Motivation - 於異質運算系統中有效開發計算資源之策略

In recent decades, the distributed computing system has rapidly become a standard platform for high-performance and large-scale computing. This is due to its low-cost and high-performance for the computational requirements of a large number of parallel applications, such as the weather prediction, the genome exploration, the distributed database systems, the item response theory (IRT), and the fluid dynamics (Skordos, 1995).

Such a platform usually consists of a geographically distributed suite of machines with different computing capabilities interconnected by diverse high-speed links with various network topologies and these distributed computational resources are used in a coordinated way.

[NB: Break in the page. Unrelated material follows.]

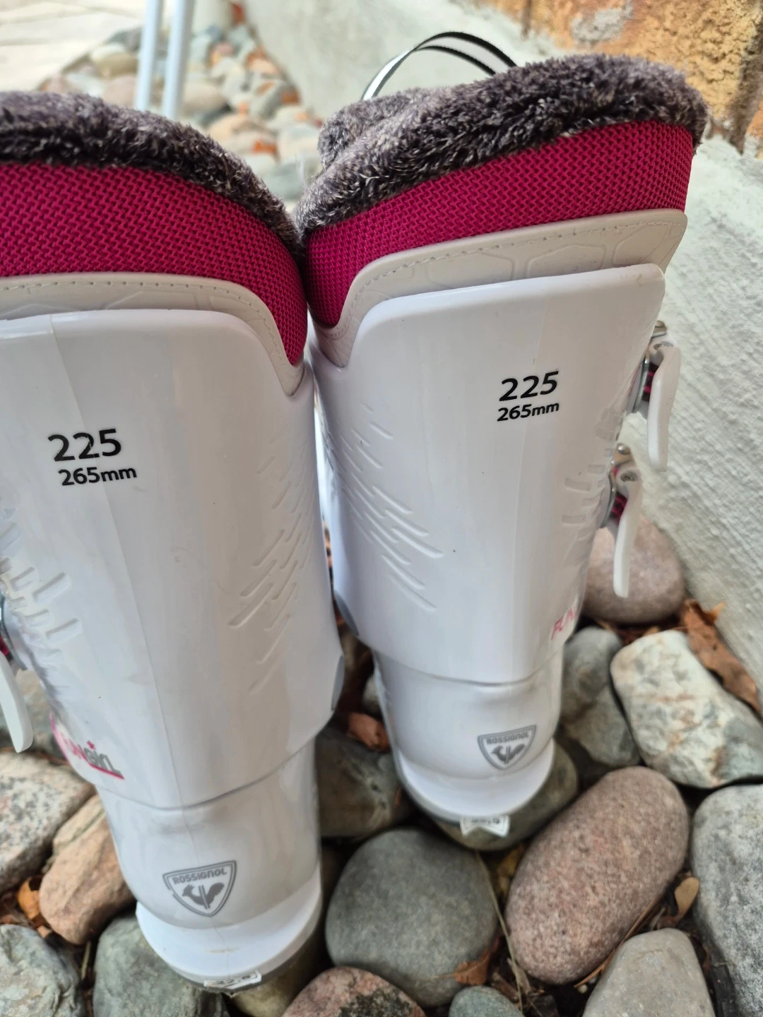 Selling a pair of quality nramd name Rossignol ski boots in white and pink! They are basically brand *NEW*. Fantastuc quaoity, comfirt and warmth. Made in Europe. They are size 225/265mm. These boots are ready for the slopes! Great find. Save $$$ and pick them up before they are gone.

However, with the increasing of the computational requirements of these parallel applications, the going systems, for convenience sake, usually just use off-the-shelf hardware components to expand their processing capabilities. As a consequence, the system heterogeneities in these platforms will become more obvious. In a general way, the heterogeneities between computing capabilities and these of communicating capabilities between geographically distributed machines exist in such systems.

Therefore, we name these heterogeneous systems as the distributed heterogeneous computing (DHC) systems.

In these DHC environments, machines communicate with each other solely by message passing. The message-passing overhead is quite large, typically in excess

of 500 instruction cycles (Dally, 1990). As a result, this could impose some penalty on these task granularities if these parallel applications exist several fine grain tasks.

The popularity of these DHC systems is derived from their ability to integrate geographically distributed diverse machines to exploit efficiently the utilization of these heterogeneous computing capabilities.

Even though these systems meet the computational requirements of a large number of parallel applications, they also evoke a series of problems that are not encountered during these parallel applications scheduled in a single machine, such as designing parallel algorithms for these parallel applications, partitioning these parallel applications into tasks, synchronizing between the tasks, and scheduling the tasks onto these DHC systems. A great number of research efforts addressing these problems have been proposed in the literature. Task-scheduling is an extremely important topic since an improper scheduling of tasks can fail to exploit efficiently these computational resources in the DHC systems. Therefore, the efficient task-scheduling in such systems has become more important.

Generally speaking, a scheduling problem exists in two communities: the dynamic scheduling and the static scheduling. In the dynamic scheduling community, the parallel programs are usually deadline-critical and they explicitly must be scheduled in run time. If the deadline constraints are not satisfied, there will be very serious consequences. These deadline-critical parallel programs exist in areas of the real-time multimedia processing, the real-time image processing (RTIP), and the geographic information systems (GIS).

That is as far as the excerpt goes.